Work order:
Using the entries that follow, transcribe only the lines from the line with "We’re kinda obsessed" to the line with "<세상을 보는 창 #8 K뷰티 트렌드> K뷰티가", both included, exactly as they stand and without pictures.

Given entries:
_ _ _ _

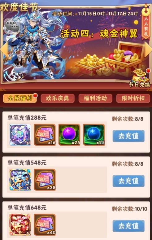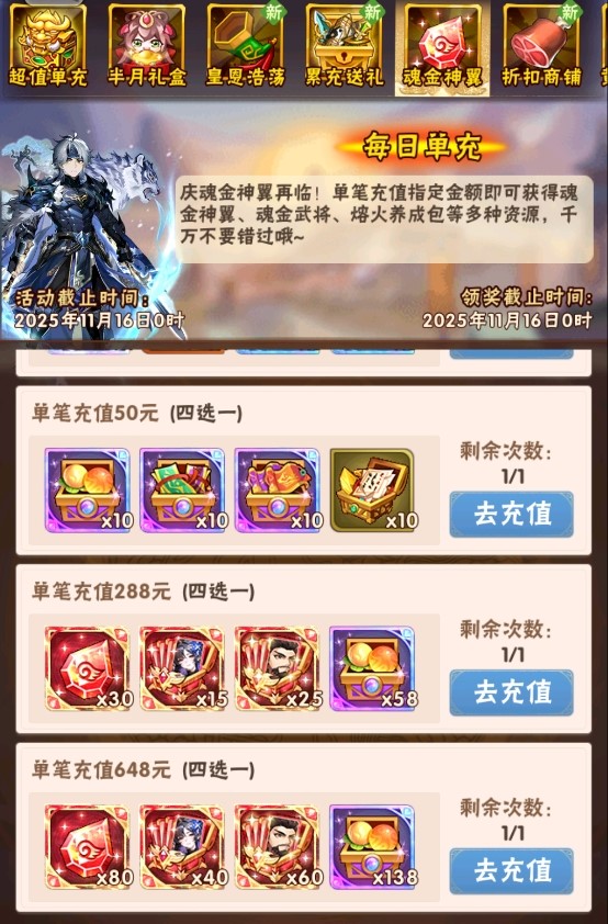 活动一、每日单充 魂金神翼
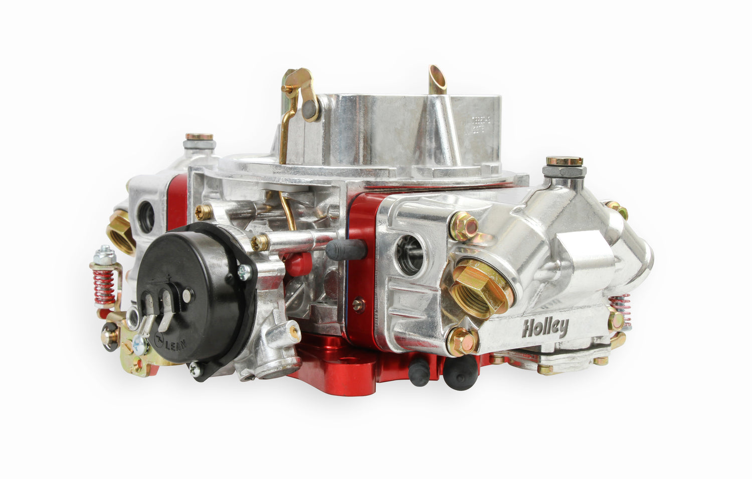 ULTRA light Aluminum construction for 43% weight savings ULTRA shiny Tumble polished finish holds shine longer ULTRA strong Billet metering blocks & base plates ULTRA cooled anodized billet aluminum metering blocks and base plate ULTRA easy Built in sight window for simple float adjustments ULTRA fast High-performance fuel curves Holley Double Pumper carburetors are a perfect performance upgrade for hot street cars and race vehicles. Double Pumper carburetors are an American icon when it comes to performance carburetors. From their roots as the premier carburetor on many factory muscle cars to powering thousands of vehicles across the finish line, the Double Pumper is a great choice whether you are burning up the street or the quarter mile. The Ultra Double Pumper(TM); Carburetors feature all aluminum construction and are equipped with metering blocks and a base plate made from 6061-T6 billet aluminum. They weigh in at approximately 5 lbs. less than a comparable zinc carburetor. The new Ultra Double Pumper Carburetors have an enhanced fuel curve for optimum performance, with many more features such as aluminum construction; anodized billet aluminum metering blocks and base plate; 4 corner idle for precise idle control; dual accelerator pumps for additional fuel under initial acceleration; mechanical secondaries for great performance; clear fuel level sight plugs for easy, no mess fuel level adjustments; Ford automatic transmission kickdown for use on popular Ford transmissions; four vacuum ports for all necessary vacuum accessories; and for the first time on a Double Pumper, factory pre-set electric choke for easy, fast cold start-ups. The clean, polished look coupled with Red metering blocks and throttle body will certainly set your ride apart whether you are at the show or track.
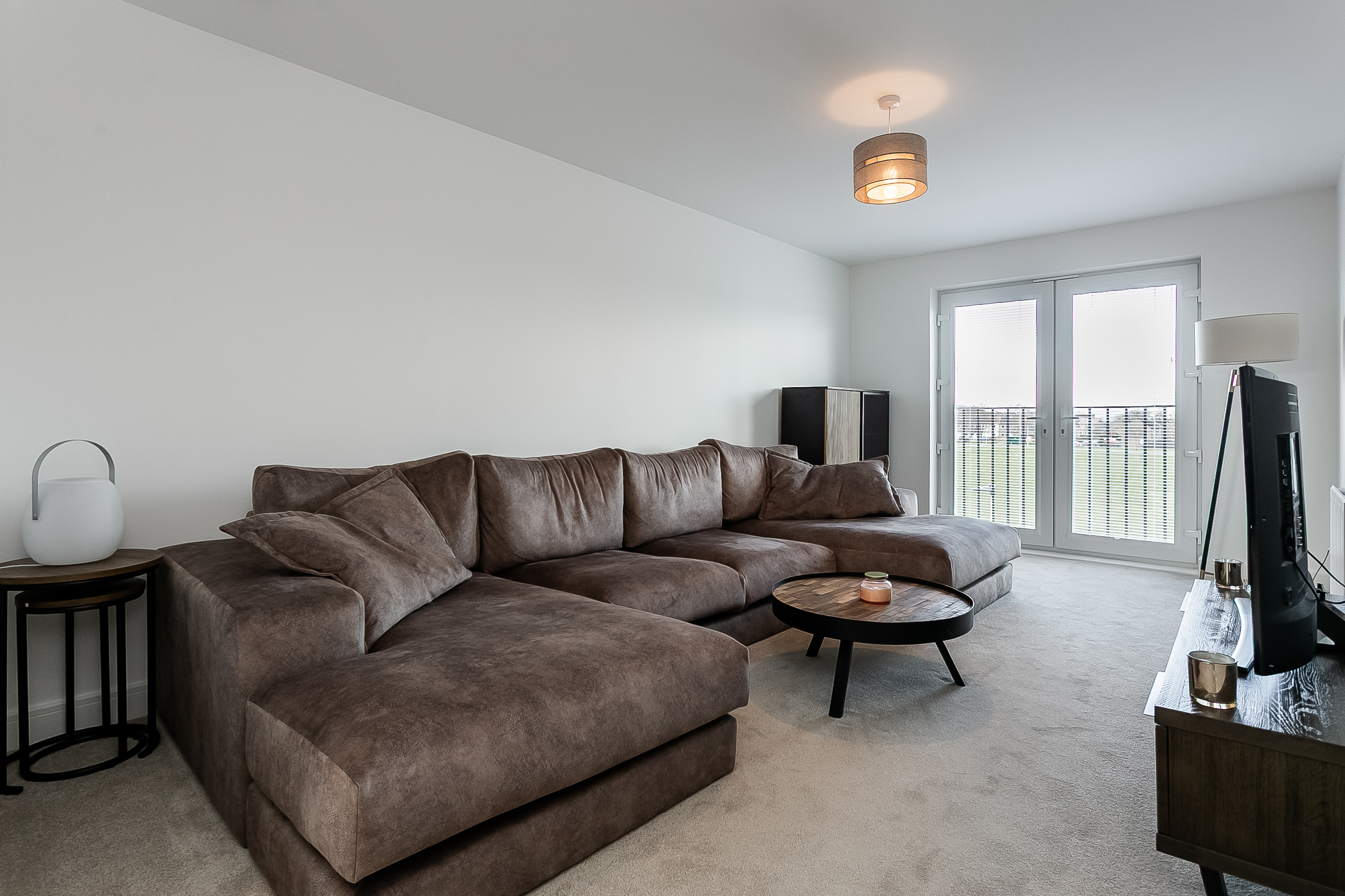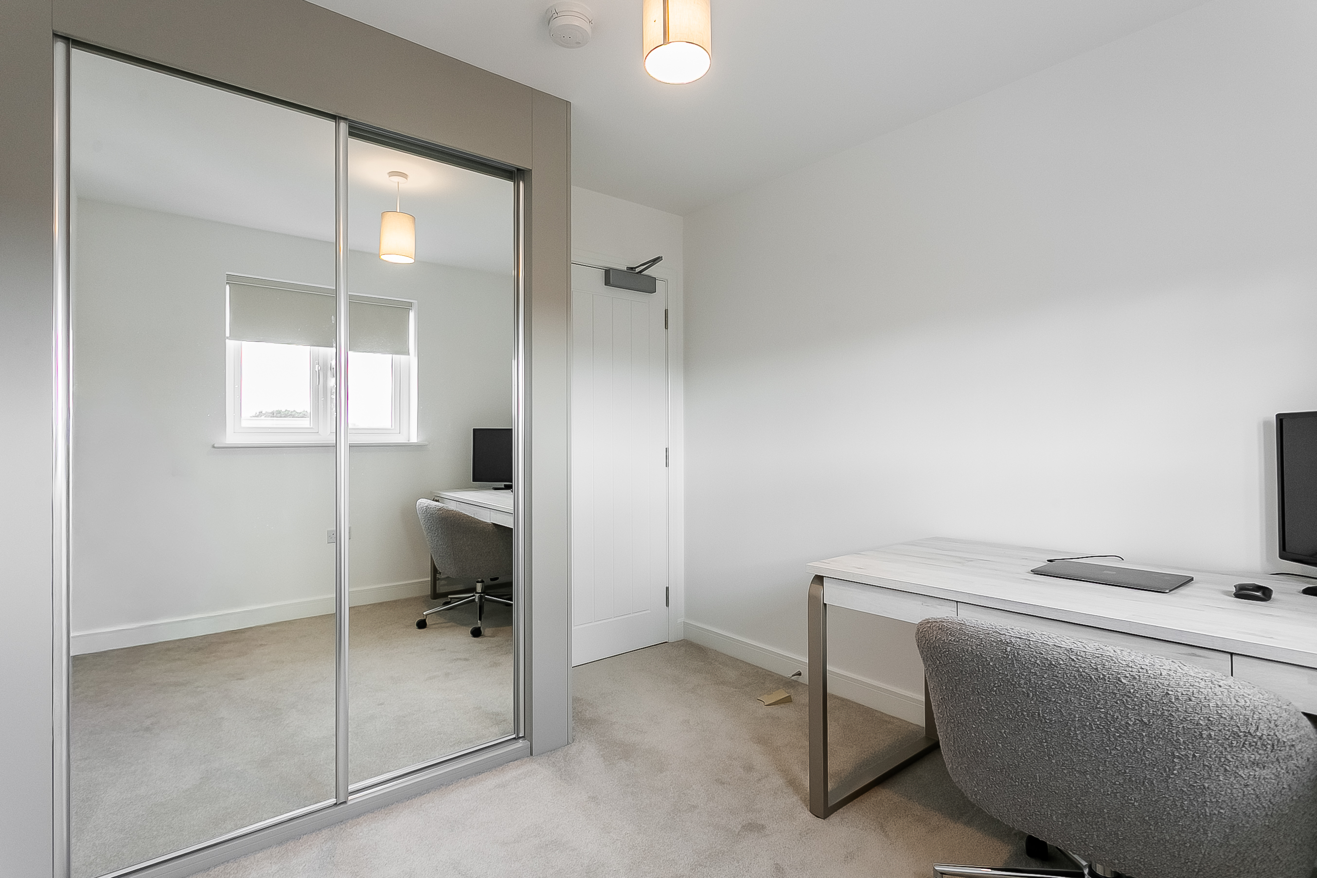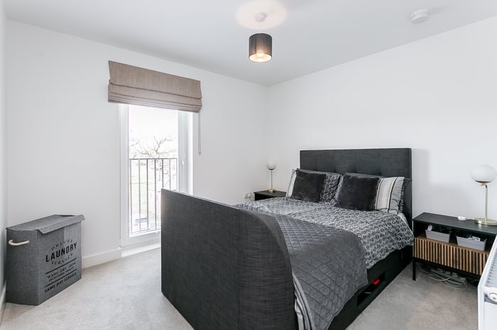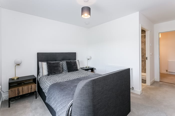 The generous master bedroom is tastefully decorated and features carpeting along with a modern en-suite shower room. A second well-proportioned bedroom, also finished in light neutral tones, benefits from a built-in mirrored wardrobe.
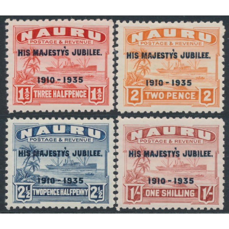 NAURU 1935 1½d to 1/- Freighter overprinted for King George V Silver Jubilee set of 4, mint hinged – no thins, tears or bends. SG Cat. # 40-43
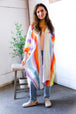 We’re kinda obsessed with this one. This rainbow kimono is light as air and has that floaty, effortless feel we all want when it’s warm out. The colors blend like a summer sunset — soft pinks, purples, mint green, a pop of orange, a bit of blue and even streaks of gold too. It’s a long open style with loose sleeves that hit just below the elbow, and it drapes in a really pretty way no matter how you move.
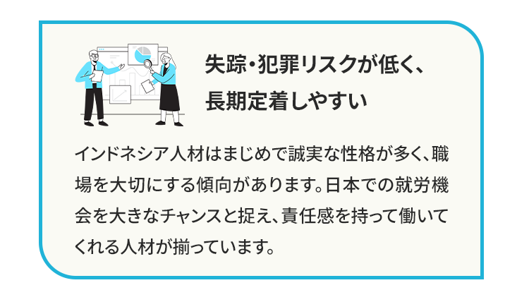 「カインドネシア」は、インドネシアに現地拠点を持ち、日本人スタッフも常駐。データに裏付けられた強みに加え、独自の体制で安心の採用と定着を支援します。
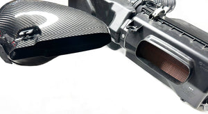 During the development process we created multiple prototypes. The initial prototype used a straight venturi tube feeding into a large airbox which took it’s air from the stock OEM area with an enlarged area with an additional air feed on the opposite side which is very small.The idea was that the additional air feed would help in increasing available airflow. However this design failed to give the desired results both on the dyno testing and on the road with no difference in power. Drivability was compromised with an additional torque dip in the higher midrange. CFD analysis showed vast amounts of turbulence in front of the air filter.
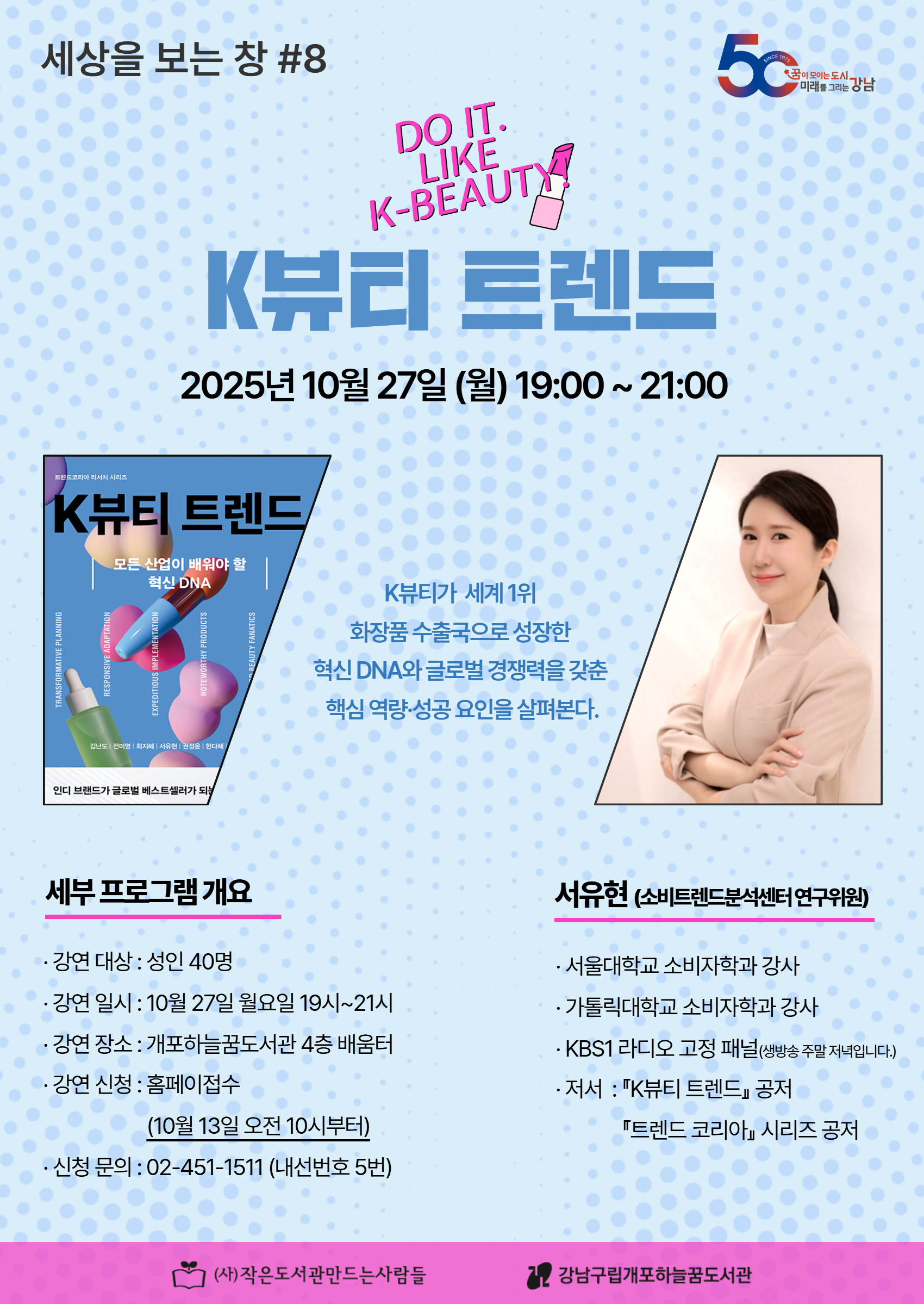 <세상을 보는 창 #8 K뷰티 트렌드> K뷰티가 세계 1위 화장품 수출국으로 성장하기까지, 그 이면에는 혁신적인 산업 생태계와 독창적인 성장 전략이 숨어 있습니다. 이번 <세상을 보는 창 #8 K뷰티 트렌드>에서는 소비트렌드분석센터 연구위원이자「트렌드 코리아」 시리즈의 공저자인 서유현 박사님을 모시고, 한국 화장품 산업이 글로벌 시장에서 경쟁력을 확보하게 된 혁신 DNA, 성공 요인, 그리고 지속 가능한 성장의 핵심 역량을 살펴봅니다. (본 프로그램은 메이크업 강의가 아닙니다. 신청시 프로그램 내용을 확인해 주시기 바랍니다.) K뷰티가 만들어낸 놀라운 변화의 흐름 속에서, 그 현재와 미래를 통찰할 수 있는 유익한 인사이트를 만나보세요. 10월 27일(월) 저녁 7시, 개포하늘꿈도서관 4층 배움터에서 진행됩니다. 많은 관심과 참여 바랍니다! ![]() ![]() ○ 일시 : 2025년 10월 27일(월) 19:00 ~ 21:00 ○ 장소 : 개포하늘꿈도서관 4층 배움터 ○ 대상 : 성인 40명 ○ 접수 : 2025년 10월 13일 (월) 오전 10시 ~ 선착순 ○ 신청방법 : 개포하늘꿈도서관 홈페이지 온라인 접수 ○ 문의 : 02-451-1511 / ARS 5번 ※ 프로그램 신청시 참여자 본인의 아이디로 신청 하셔야 합니다. ※ 프로그램 신청 시 홍보용 사진 촬영 및 사용에 동의하시는 것으로 간주됩니다. ※ 프로그램 관련 공지사항은 문자로 발송되오니 회원가입 시 입력된 휴대폰번호 확인 부탁드립니다. |
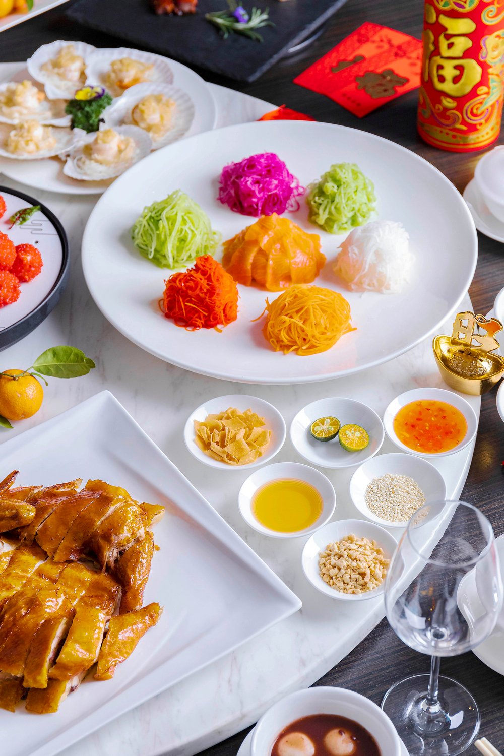 除了兩款福袋,另外還有5款年夜飯可以選擇,“迎春接福宴”、“闔家團(tuán)圓宴”、“萬(wàn)事如意宴”、“花開(kāi)富貴宴”以及“金玉滿(mǎn)堂宴”。金茂深圳JW萬(wàn)豪酒店中餐廳主廚劉師傅精心設(shè)計(jì)的賀歲菜肴除了擺盤(pán)講究之外,亦道道有講究。如:寓意“風(fēng)生水起”的三文魚(yú)生撈起,以三文魚(yú)生為主要食材,配以六款色彩繽紛的蔬菜絲,享用時(shí)眾賓客齊齊用筷子高高撈起,在開(kāi)席即可討個(gè)“越撈越旺”的好彩頭!還有上菜時(shí)冒出“仙氣”的爆汁紅顏妃子笑,寓意“吉祥如意”、寓意“牛氣沖天”的香芹腰果牛肉粒、“年年有余”的清蒸老虎斑、“五谷豐登”的總廚鮑汁炒飯等多款吉祥菜式。

_ _ _ _

Response to this exercise:
 We’re kinda obsessed with this one. This rainbow kimono is light as air and has that floaty, effortless feel we all want when it’s warm out. The colors blend like a summer sunset — soft pinks, purples, mint green, a pop of orange, a bit of blue and even streaks of gold too. It’s a long open style with loose sleeves that hit just below the elbow, and it drapes in a really pretty way no matter how you move.
 「カインドネシア」は、インドネシアに現地拠点を持ち、日本人スタッフも常駐。データに裏付けられた強みに加え、独自の体制で安心の採用と定着を支援します。
 During the development process we created multiple prototypes. The initial prototype used a straight venturi tube feeding into a large airbox which took it’s air from the stock OEM area with an enlarged area with an additional air feed on the opposite side which is very small.The idea was that the additional air feed would help in increasing available airflow. However this design failed to give the desired results both on the dyno testing and on the road with no difference in power. Drivability was compromised with an additional torque dip in the higher midrange. CFD analysis showed vast amounts of turbulence in front of the air filter.
 <세상을 보는 창 #8 K뷰티 트렌드> K뷰티가 세계 1위 화장품 수출국으로 성장하기까지, 그 이면에는 혁신적인 산업 생태계와 독창적인 성장 전략이 숨어 있습니다. 이번 <세상을 보는 창 #8 K뷰티 트렌드>에서는 소비트렌드분석센터 연구위원이자「트렌드 코리아」 시리즈의 공저자인 서유현 박사님을 모시고, 한국 화장품 산업이 글로벌 시장에서 경쟁력을 확보하게 된 혁신 DNA, 성공 요인, 그리고 지속 가능한 성장의 핵심 역량을 살펴봅니다. (본 프로그램은 메이크업 강의가 아닙니다. 신청시 프로그램 내용을 확인해 주시기 바랍니다.) K뷰티가 만들어낸 놀라운 변화의 흐름 속에서, 그 현재와 미래를 통찰할 수 있는 유익한 인사이트를 만나보세요. 10월 27일(월) 저녁 7시, 개포하늘꿈도서관 4층 배움터에서 진행됩니다. 많은 관심과 참여 바랍니다! ![]() ![]() ○ 일시 : 2025년 10월 27일(월) 19:00 ~ 21:00 ○ 장소 : 개포하늘꿈도서관 4층 배움터 ○ 대상 : 성인 40명 ○ 접수 : 2025년 10월 13일 (월) 오전 10시 ~ 선착순 ○ 신청방법 : 개포하늘꿈도서관 홈페이지 온라인 접수 ○ 문의 : 02-451-1511 / ARS 5번 ※ 프로그램 신청시 참여자 본인의 아이디로 신청 하셔야 합니다. ※ 프로그램 신청 시 홍보용 사진 촬영 및 사용에 동의하시는 것으로 간주됩니다. ※ 프로그램 관련 공지사항은 문자로 발송되오니 회원가입 시 입력된 휴대폰번호 확인 부탁드립니다. |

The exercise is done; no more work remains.